Events moved quickly from then on. The LTTE massacred about 73 Sinhalese civilians in South Mullaitivu, most of them convicts settled in Manal Aru. The government responded by massacring scores of Tamils in the surrounding area. During February 1985, Tamil peasant families who entered the area to harvest their fields were fired upon by Air Force helicopters, killing over a hundred, including women and children. Since then, Manal Aru has remained part of the militarised High Security Zone in which Sinhalese settlements were established, leading to the permanent displacement of at least 2500 Tamil families. In May 1985, following a series of killings by government forces, LTTE cadres entered the heavily militarised sacred city of Anuradhapura, and massacred 120 Sinhalese pilgrims. The government responded with a series of massacres of Tamils, killing 2200 in 1985 alone. These attacks led to two main developments: first, the rise of the Tigers; and second, the burgeoning phenomenon of Tamil refugees.

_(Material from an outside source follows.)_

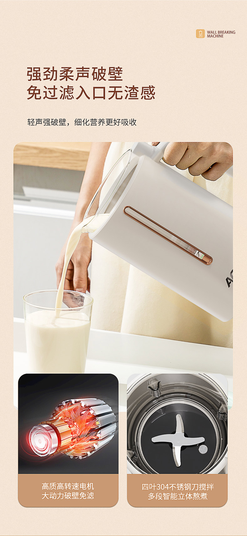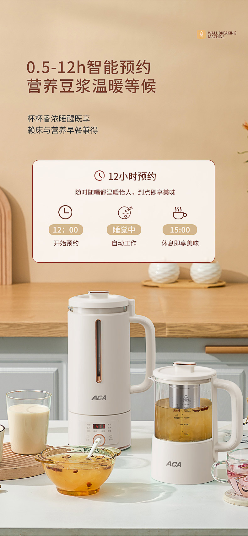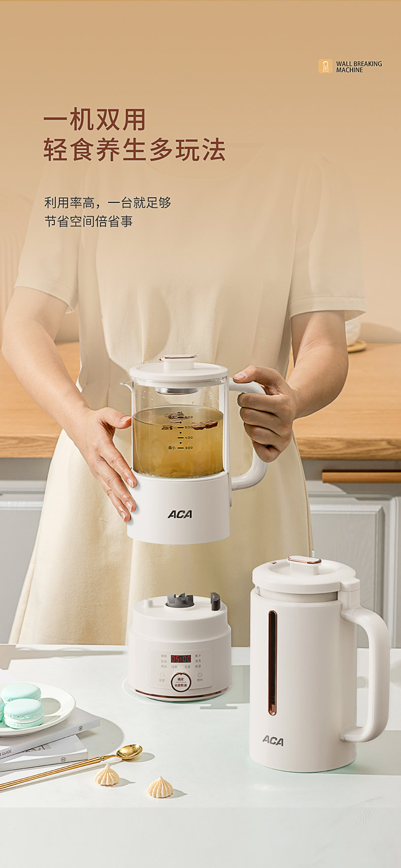 ACA/北美电器600毫升一机双杯破壁机组合ALY-G14PB12DR

The LTTE’s ruthless military image appealed to a section of Tamil nationalist sentiment, which saw in it the answer to Sinhalese nationalist violence. Other Tamil militants with Marxist ideas – who wanted to work with like-minded Sinhalese and create a socialist Lanka free of ethno-chauvinism – were weakened by the extreme violence of the times. The LTTE leader, Velupillai Prabhakaran, consolidated his totalitarian control of the organisation, targeting effective leaders in rival groups and, during late 1986, militarily decimating his rivals to become the ‘sole representative’ of the Tamil people. Thereafter, there were few dissident voices among the Tamils, mainly out of fear. Some students who instinctively reacted against totalitarianism did at first resist the LTTE, but were soon silenced.
Indian hand
The displacement of Tamils from large parts of the east continued through deliberate military action. In the north, too, military reprisals, especially in the coastal areas, led to about 200,000 refugees fleeing to Tamil Nadu by 1987. The eviction of civilians also saw an increasing military presence, the creation of refugee camps and the further displacement of civilians. This may not have led to permanent damage had there been a negotiated settlement enabling refugees to return to their homes. But here, too, the LTTE had become a prisoner of the very violence that led to its sensational rise.
The reality was that once the LTTE had violently eliminated other militant groups, it had also phenomenally weakened the Tamil armed struggle. It was pitted against a state with large population reserves and relatively huge resources. Although the LTTE tried to make up numbers by recruiting children and women, and developing a unit of suicide cadres with which to leverage its human resources, it was not in a position to halt any determined military advance. This meant that Tamil communities were unendingly bombed from the air, shelled, massacred and displaced, with no end to the ordeal in sight.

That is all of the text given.